As páginas do “C.F.” contaram ainda com a valiosa colaboração de madeirenses como Ricardo França Jardim, José Agostinho Baptista, Rui Teives Henriques, Leopoldo Gonçalves, João José Teixeira, Luís Manuel Angélica, José Maria Amador, Duarte Sales Caldeira, José Manuel Coelho, Vítor Rosado, Paulo Sá Brás, António Aragão e Liberato Fernandes. E pessoalmente sinto um orgulho muito especial e honra por ter feito parte deste extraordinário projecto.

 * Por opção, o presente texto foi escrito de acordo com a antiga ortografia.

Post scriptum:  1) Familygate: independentemente de se tratar de um processo (a nomeação de familiares) em que todos os partidos, sem excepção, têm telhados de vidro, há (deveria haver) limites. Que, pelos vistos, estão a ser largamente ultrapassados. Mas, também, há gentinha que deveria ter vergonha em vir falar de ética como Cavaco Silva ou Paulo Rangel. Muito menos o PSD-M com uma prática de décadas escandalosa. Por pregarem a moral que não praticaram, nem praticam.
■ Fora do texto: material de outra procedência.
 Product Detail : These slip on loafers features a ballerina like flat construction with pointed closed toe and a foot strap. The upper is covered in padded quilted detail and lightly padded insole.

2) Em bolandas: qualquer que seja o crédito que dermos aos inquiridos na Comissão de Inquérito à Unidade de Medicina Nuclear do SESARAM, a confiança no sistema está minada. E particularmente numa área extremamente sensível. Com claro dano para a esmagadora maioria dos cidadãos-utentes que não dispõem de condições para recorrer ao privado, muito menos a serviços prestados fora da Região.

3) Manobras: a juíza Joana Dias não quer julgar o processo intentado por António Loja contra o ex-presidente do governo regional. Não deixa de ser estranho que só agora o faça depois de não ter sentido qualquer incómodo em julgar um outro processo em que o antigo inquilino da Quinta das Angústias era também arguido. E assim funciona a justiça portuguesa, ou, se preferir, a justiça made in Madeira.
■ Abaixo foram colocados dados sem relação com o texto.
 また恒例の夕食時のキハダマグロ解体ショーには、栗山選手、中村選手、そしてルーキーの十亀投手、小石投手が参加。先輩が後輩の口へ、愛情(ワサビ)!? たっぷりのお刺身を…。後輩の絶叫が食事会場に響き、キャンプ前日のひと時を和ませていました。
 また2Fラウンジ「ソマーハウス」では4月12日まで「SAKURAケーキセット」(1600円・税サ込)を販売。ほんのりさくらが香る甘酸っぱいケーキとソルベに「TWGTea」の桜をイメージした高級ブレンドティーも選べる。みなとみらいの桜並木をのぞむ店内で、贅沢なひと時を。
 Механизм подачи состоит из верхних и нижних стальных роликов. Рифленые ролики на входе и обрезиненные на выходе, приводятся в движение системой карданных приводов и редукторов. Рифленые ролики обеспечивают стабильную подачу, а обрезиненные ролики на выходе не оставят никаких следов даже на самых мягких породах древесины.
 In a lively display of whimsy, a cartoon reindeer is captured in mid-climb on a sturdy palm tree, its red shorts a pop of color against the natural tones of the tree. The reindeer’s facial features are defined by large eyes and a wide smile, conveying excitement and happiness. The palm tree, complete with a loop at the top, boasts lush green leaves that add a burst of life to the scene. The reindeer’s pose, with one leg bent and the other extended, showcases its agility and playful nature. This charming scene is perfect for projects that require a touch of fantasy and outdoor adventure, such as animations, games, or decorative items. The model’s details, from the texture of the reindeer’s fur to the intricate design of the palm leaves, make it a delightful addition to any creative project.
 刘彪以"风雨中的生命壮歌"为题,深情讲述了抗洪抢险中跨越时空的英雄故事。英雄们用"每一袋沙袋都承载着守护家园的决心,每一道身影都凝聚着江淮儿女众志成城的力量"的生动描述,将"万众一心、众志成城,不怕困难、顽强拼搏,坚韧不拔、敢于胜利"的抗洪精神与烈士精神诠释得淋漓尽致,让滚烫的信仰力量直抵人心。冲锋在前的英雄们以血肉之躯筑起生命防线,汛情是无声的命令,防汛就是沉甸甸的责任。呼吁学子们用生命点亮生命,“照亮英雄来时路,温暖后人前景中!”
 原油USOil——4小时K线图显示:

4) Dívidas à Segurança Social: 12 e 9 anos sem pagar. Os casos e as condenações em tribunal sucedem-se. Mas, nem assim o governo regional disponibiliza, ao contrário do que se verifica a nível nacional, a lista de devedores. Para proteger o quê e quem?
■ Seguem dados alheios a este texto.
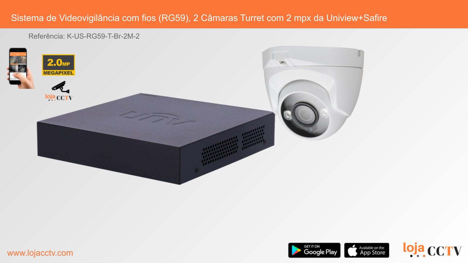 Sistema de Videovigilância com fios (RG59), 2 Câmaras Turret com 2 mpx da Uniview+Safire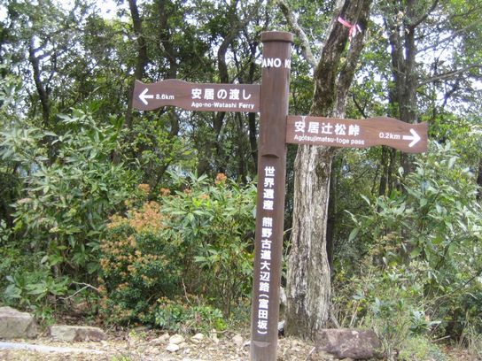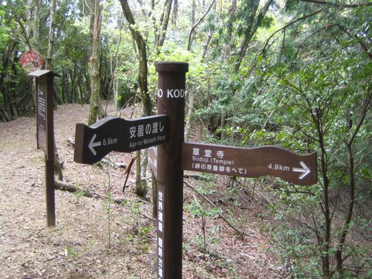 ここから林道と交差している所まではアップダウンも少なくて、すぐだったが「安居(あご)の渡し」まで8.6kmとある。 そして、ここから祝滝との分岐の所までは厳しい下りだった。(標高差約300mを2.3kmで下る)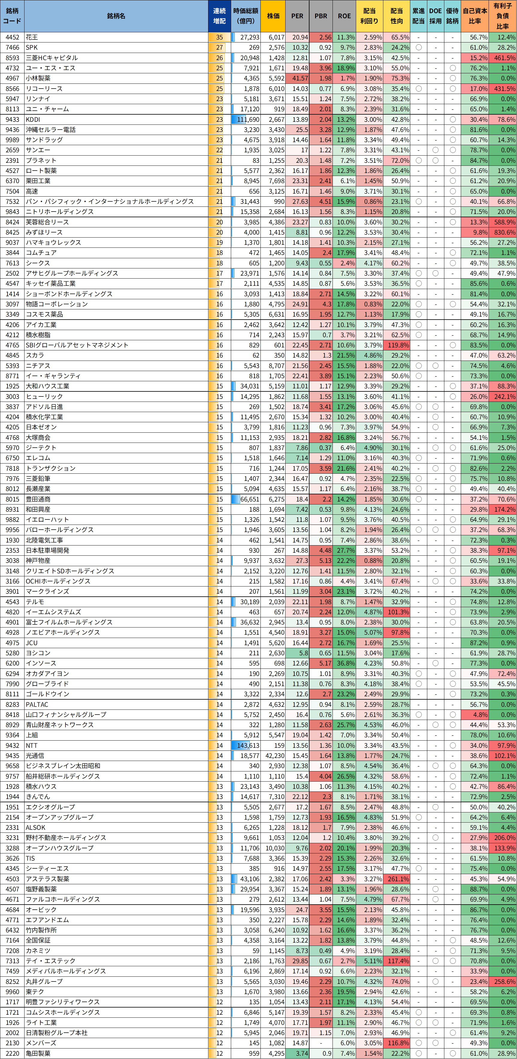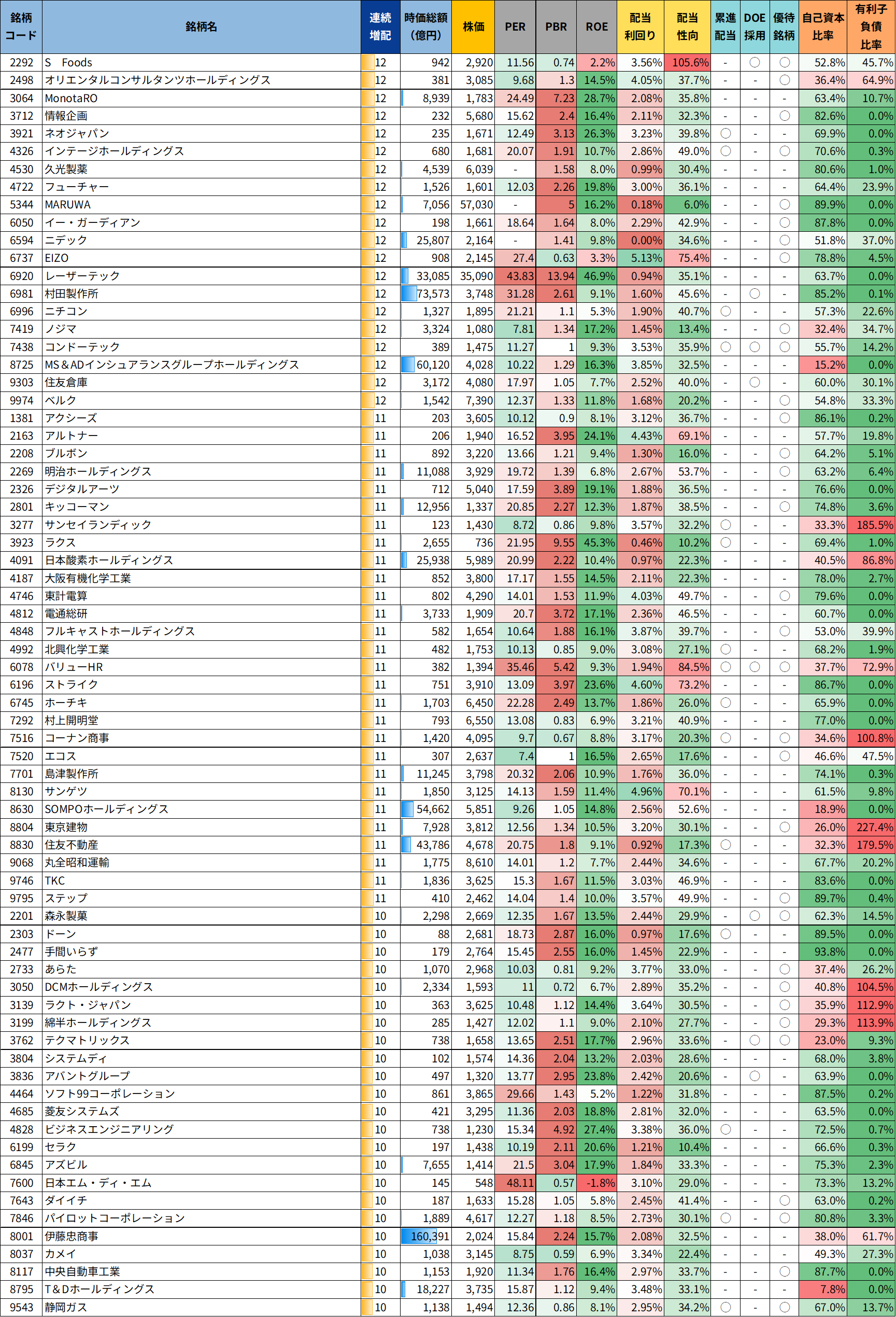 - 長期間にわたって増配を継続している企業は、業績が安定しており、株主還元を重視していると判断できます。

5) “Absurdos”: o responsável pelo legado do PAEF de triste memória que infernizou a vida a milhares de cidadãos dedicou-se a identificar o que classificou de “absurdos”. Esqueceu-se do maior: o de, depois de 48 anos de fascismo, o povo madeirense ter suportado 37 anos sujeito à prepotência do “campeão português do insulto”. Safa! Ou, quem sabe se a explicação está naquela estatística do nível de demência?